Controllable Diffusion Models for Fine-Grained Image Editing via Prompt-Guided Semantic Inpainting
Keywords:
Diffusion models, image editing, semantic imprinting, prompt-guided editing, cross-attention, mask encoder, dynamic prompt tokensAbstract
Image synthesis has been turned on its head by models that use diffusion, but the majority fail to enable fine-grained editing that is guided by user purpose. PromptEditDiff is a lightning-fast new prompt-based method of performing fine-grained image editing through semantic imprinting. Our model is a synthesis of cross-attention mechanism, specially designed mask encoder and dynamic prompt tokens that allow pre-defined, high precision region-specific modifications in reaction to text prompts.

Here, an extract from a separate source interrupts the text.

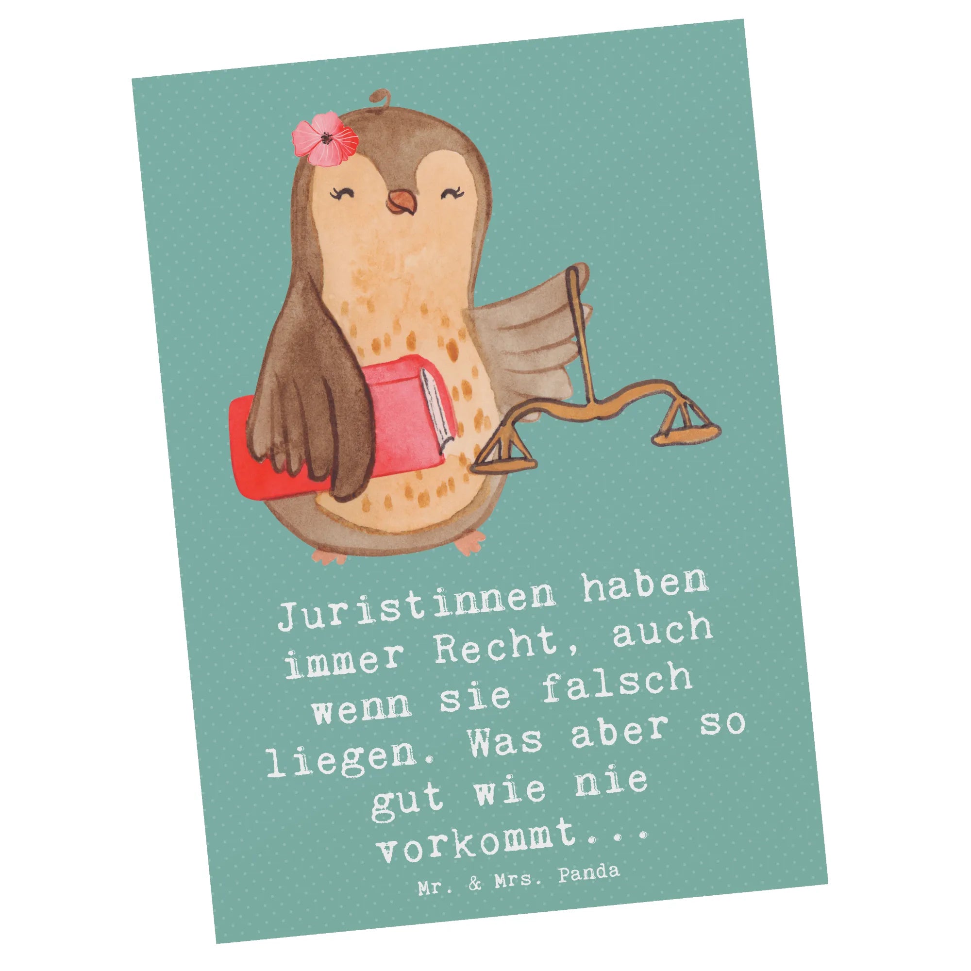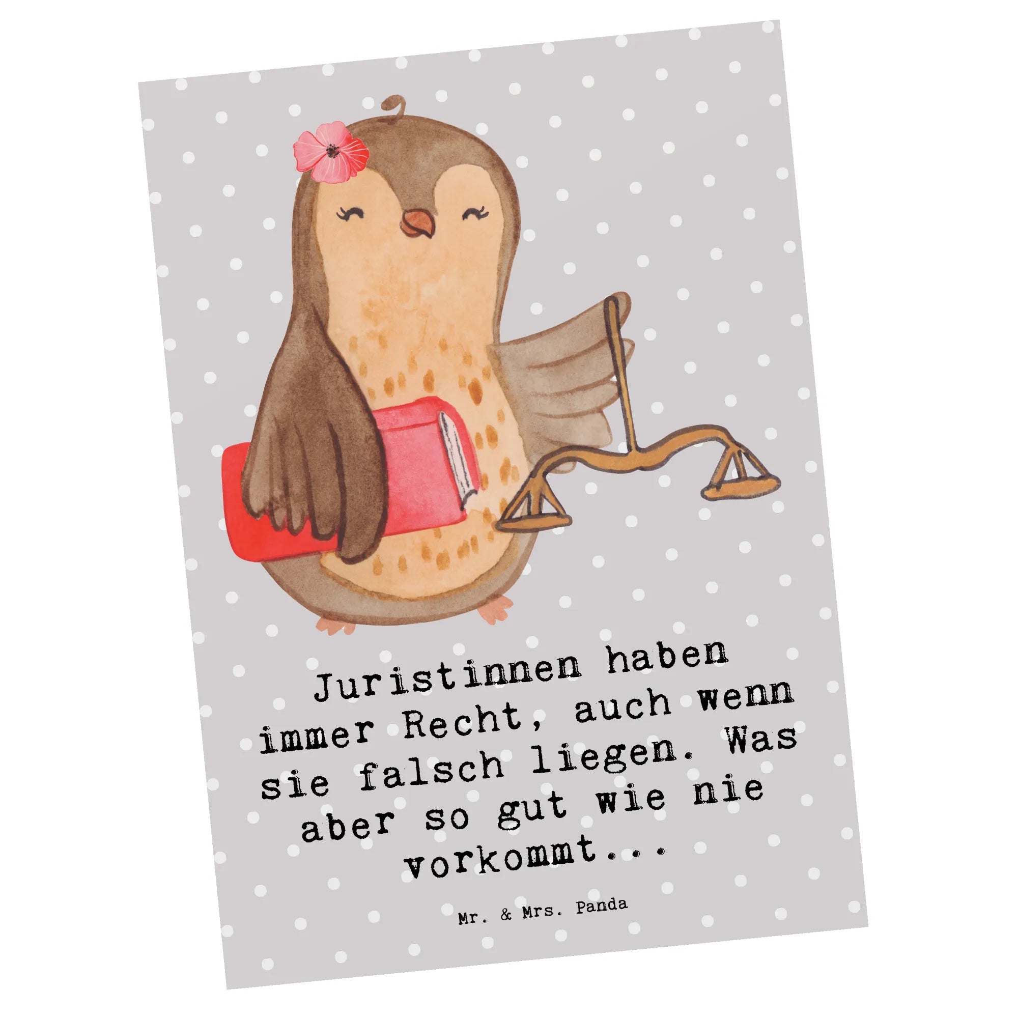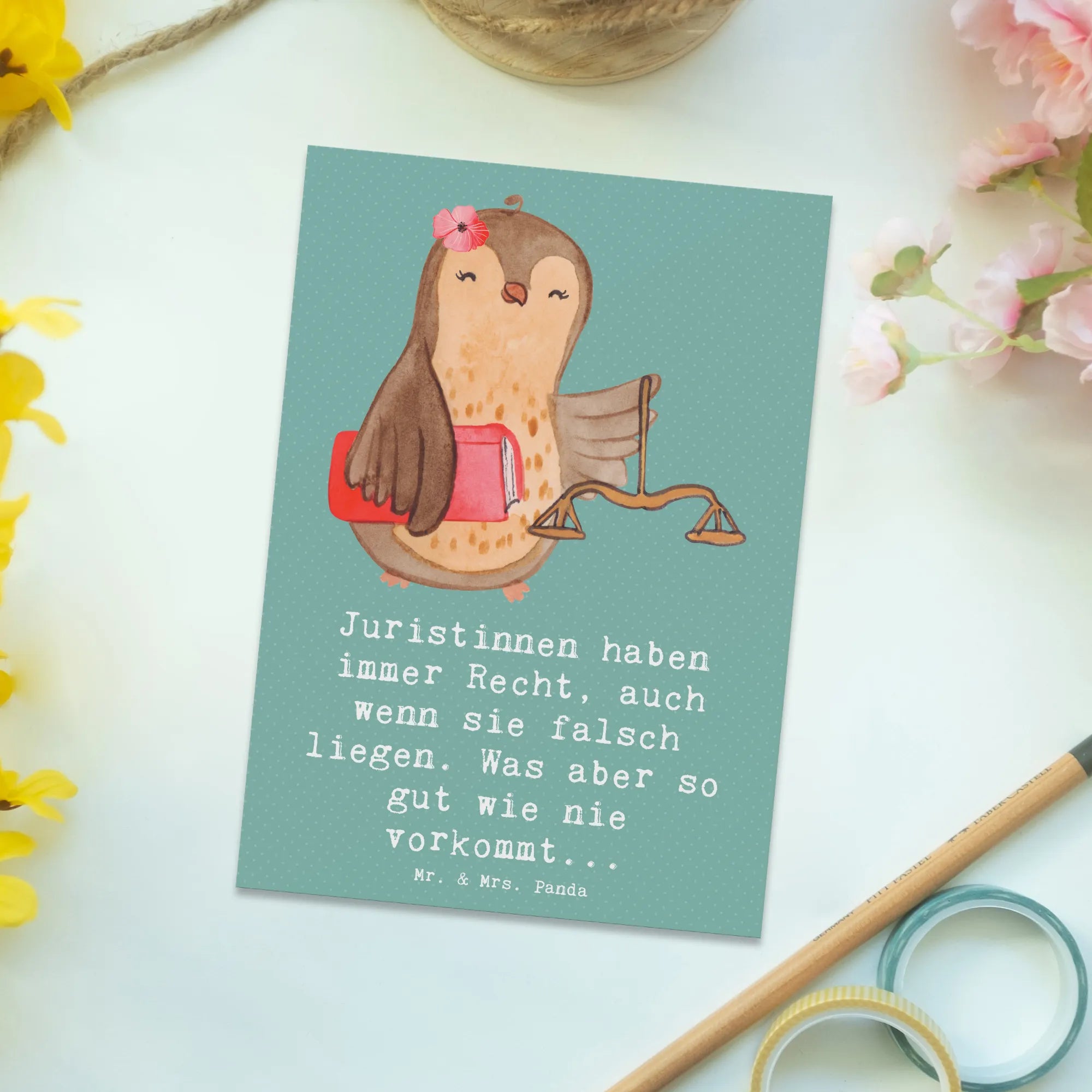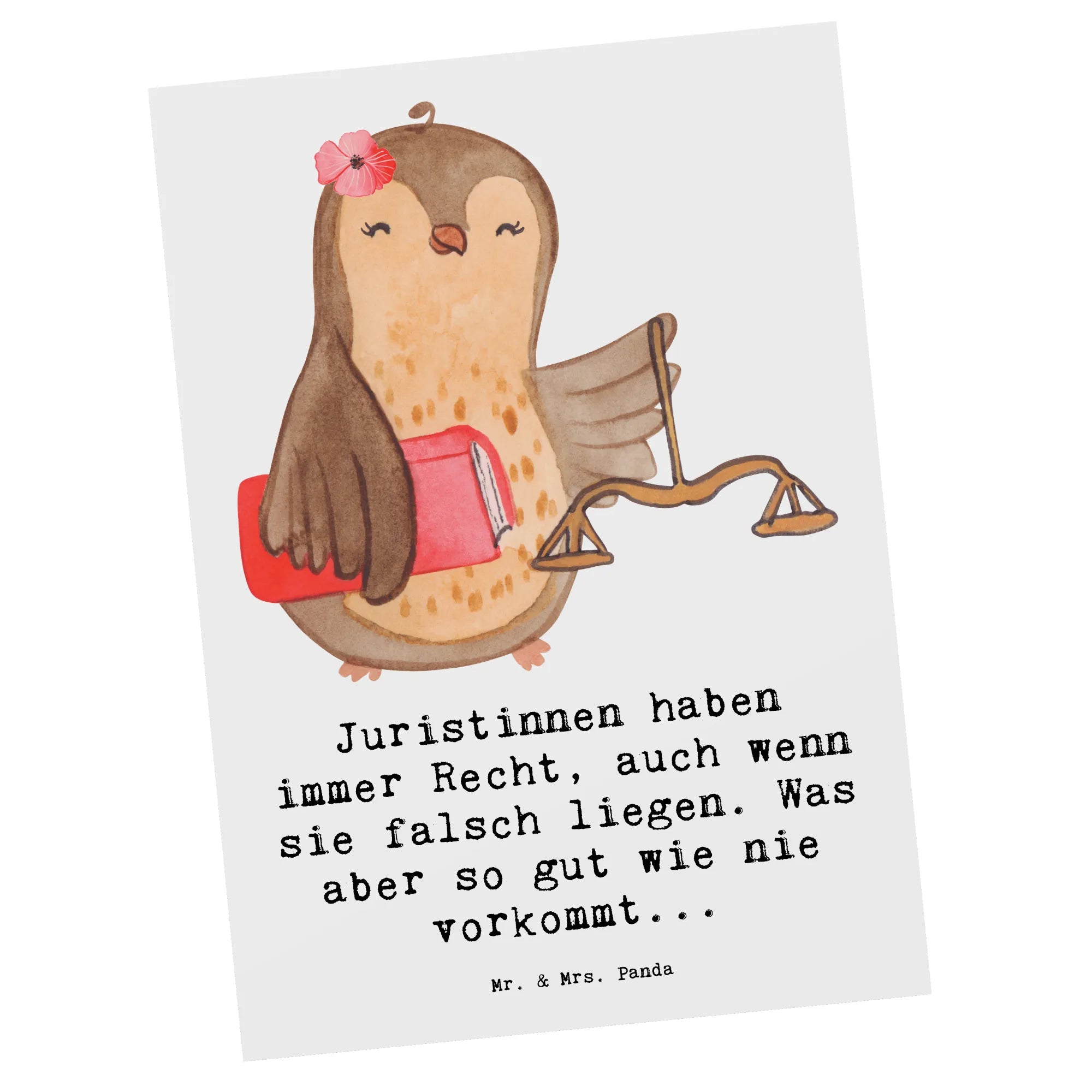 Entdecke die perfekte Postkarte für Juristinnen, die nicht nur schön, sondern auch witzig ist! Die Postkarte "Juristinnen haben immer Recht, auch wenn sie falsch liegen. Was aber so gut wie nie vorkommt..." ist ein echter Hingucker aus der Berufe-Kollektion von Mr. & Mrs. Panda. Sie ist liebevoll gestaltet und eignet sich hervorragend als Grußkarte, Einladungskarte oder einfach, um einem besonderen Menschen eine Freude zu machen.

Significant experiments on CelebA-HQ and COCO datasets demonstrate that PromptEditDiff is dramatically better compared to state-of-art baselines both in terms of photorealism and prompt alignment with FID decreasing to 6.2 and the metric which indicates that 84.7% of humans prefer it over the baselines. Objective measurements as well as end user studies make clear that PromptEditDiff can be used to edit images more accurately, more intuitively, and in a more controlled manner- going forward users can easily put this prominence based editing capability of centering around text based visual content.